Fundamentaldaten & Marktstimmung
- Ukraine (Odessa, CPT): CPT-Hafenpreise für Futter- und Mahlweizen halten sich knapp über der staatlichen CPT-Referenz. Das zeigt, dass Exporteure das obere Ende der wettbewerbsfähigen Spanne testen, jedoch nur begrenzten Spielraum für höhere Angebote haben, solange Russland günstig bleibt.
- Deutschland (Futter EXW): Norddeutscher Futterweizen hat sich von den jüngsten Hochs etwa 3 % nach unten gelöst, da sich Landwirte auf die Ernte vorbereiten und Käufer angesichts komfortabler Altbestände und guter Neuaussichten wenig Eindeckungsdruck verspüren.
- Futures vs.
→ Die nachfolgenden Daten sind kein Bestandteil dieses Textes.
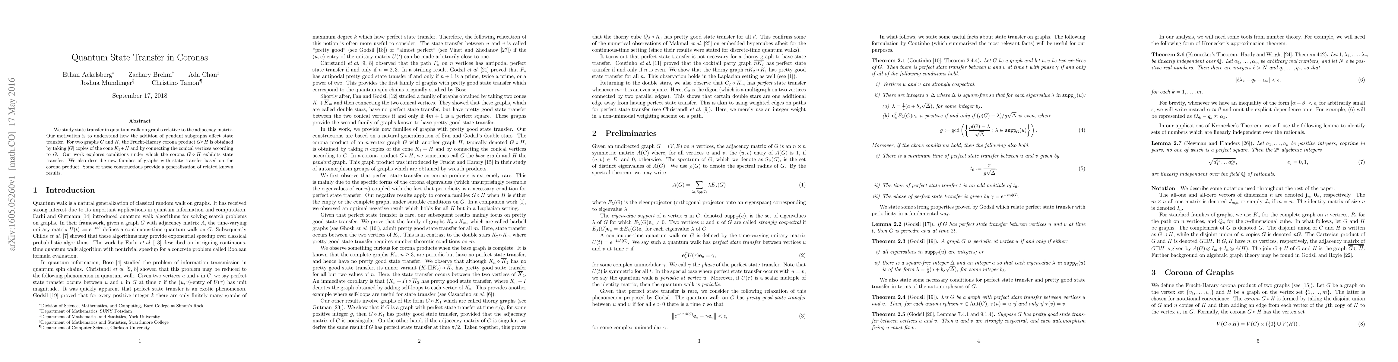 The paper introduces conditions for state transfer in corona graphs, extending previous work on distance-regular graphs and providing new families of graphs with state transfer.
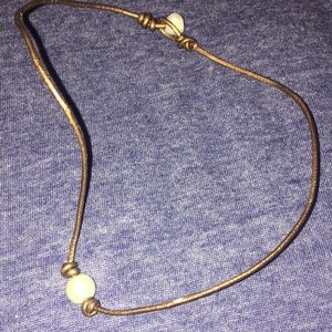 2 brown and gold chokers: 1 pearl leather brown and 1 gold charm choker!
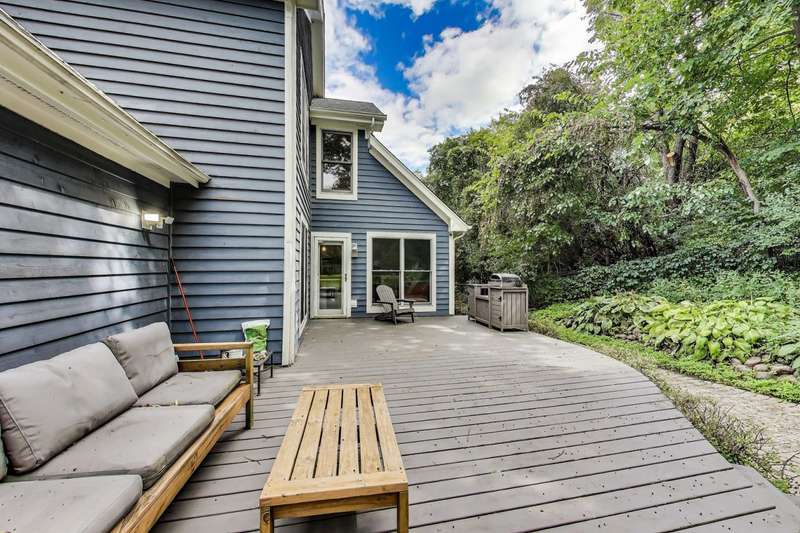 Exclusive Barrington retreat with three finished levels of living! Tucked away on a quiet, low-traffic cul-de-sac, this beautifully renovated home offers unmatched privacy while being just minutes from the Metra, Downtown Barrington, and Countryside Elementary. Set on a picturesque 1+ acre lot, the property features a gentle slope-perfect for winter sledding-and multiple outdoor spaces, including a large wood deck and a charming stone patio designed for entertaining. Inside, natural light fills the premium walk-out family room, complete with a wood-burning fireplace, wet bar, and full bath. The home has been thoughtfully updated throughout with countless upgrades: chef's appliances, a dual-zone HVAC system, and a luxurious primary bath with dual vanities, a separate shower, and a soaking tub. The spacious primary suite also includes a private office/den, ideal for working from home or creating a media retreat. The bright, eat-in kitchen shines with skylights, a built-in banquet bench, and direct access to the outdoor living spaces. Additional highlights include a convenient mudroom with laundry and coat closet off the oversized garage, and abundant storage throughout the home.
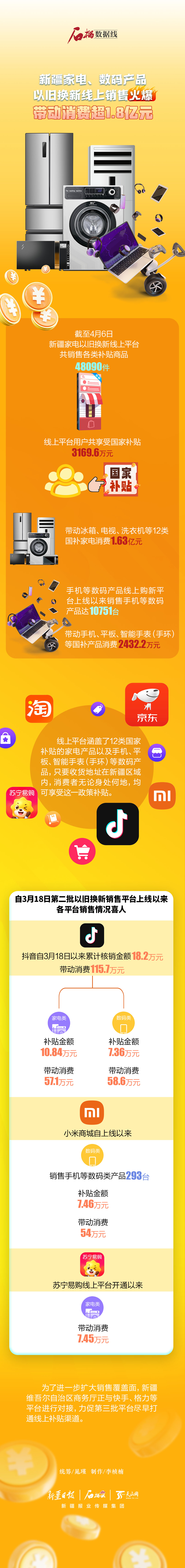 截至4月6日,新疆家电以旧换新线上平台共销售各类补贴商品48090件,线上平台用户共享受国家补贴3169.6万元,带动家电、数码产品消费超1.8亿元。
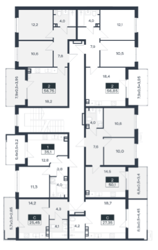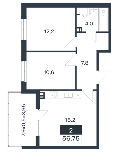 Продается 2-х комн. новостройка, 56.75 кв.м., 4/4 эт

Kassamarkt: Euronext-Mahlweizenfutures sind stabil, doch die physische Basis in Deutschland schwächt sich ab, während die ukrainische Basis gegenüber Schwarzmeer-Benchmarks aufgrund politischer Untergrenzen und Frachtauslagen etwas fester ist.
- Makro & Risikoappetit: Da die weltweiten Getreidevorräte weiterhin reichlich sind und aus wichtigen Regionen teils bessere als befürchtete Ernteaussichten gemeldet werden, bleibt die spekulative Bereitschaft für eine nachhaltige Weizenrallye verhalten – trotz anhaltender geopolitischer Risikoprämien im Schwarzmeerraum.
Kurzfristiger Handelsausblick
- Importeure (EU & MENA): Die aktuelle Stabilität bietet sich an, die Deckung moderat in die neue Ernte hinein auszudehnen, insbesondere mit Herkunft Schwarzmeer. Übermäßige Vorwärtskäufe sollten jedoch vermieden werden, angesichts komfortabler Bestände und weiterhin unsicherer Ernteergebnisse in EU und USA.
- Ukrainische Verkäufer: In Erwägung ziehen, Verkäufe bei weiteren Aufschlägen in Richtung 0,19–0,20 EUR/kg CPT für Standardware mit 11–12,5 % Protein zu staffeln, da der Wettbewerb durch russischen und rumänischen Weizen mit dem Fortschritt ihrer Ernten voraussichtlich zunimmt.
- Deutsche Futterkäufer: Den jüngsten Rückgang bei EXW-Futterweizen nutzen, um den kurzfristigen Bedarf zu sichern, jedoch einen Teil der Deckung offenlassen für möglichen zusätzlichen Erntedruck, falls das Wetter mitspielt.
- Spread-Strategien: Die enger gewordene Spanne zwischen Schwarzmeer- und Euronext-Notierungen signalisiert begrenztes Aufwärtspotenzial bei Schwarzmeer-Prämien; vorsichtige Short-Basis- oder Long-Futures/Short-Physical-Strategien können von gut abgesicherten Marktteilnehmern geprüft werden.
3‑Tage-Regionale Preisindikation (Tendenz)
- Ukraine – Odessa CPT (Futter & Mahlweizen): Tendenz seitwärts bis leicht fester, da heißes, trockenes Erntewetter und die CPT-Untergrenze für Juni die Angebote stützen, während aggressiver Wettbewerb aus Russland Aufschläge begrenzt.
- Deutschland – nördlicher EXW-Futterweizen: Tendenz leicht weicher, da Schauer die Ernteerwartungen bislang nicht beeinträchtigen und die Aussicht auf reichliches Angebot zu Vorsicht auf Käuferseite führt.
- Euronext-Mahlweizen (Paris): Voraussichtlich seitwärts in der jüngsten Spanne von 215–220 EUR/t, wobei die Notierungen in den nächsten Tagen stärker von globaler Makrostimmung und Schlagzeilen aus dem Schwarzmeerraum als vom lokalen Wetter beeinflusst werden.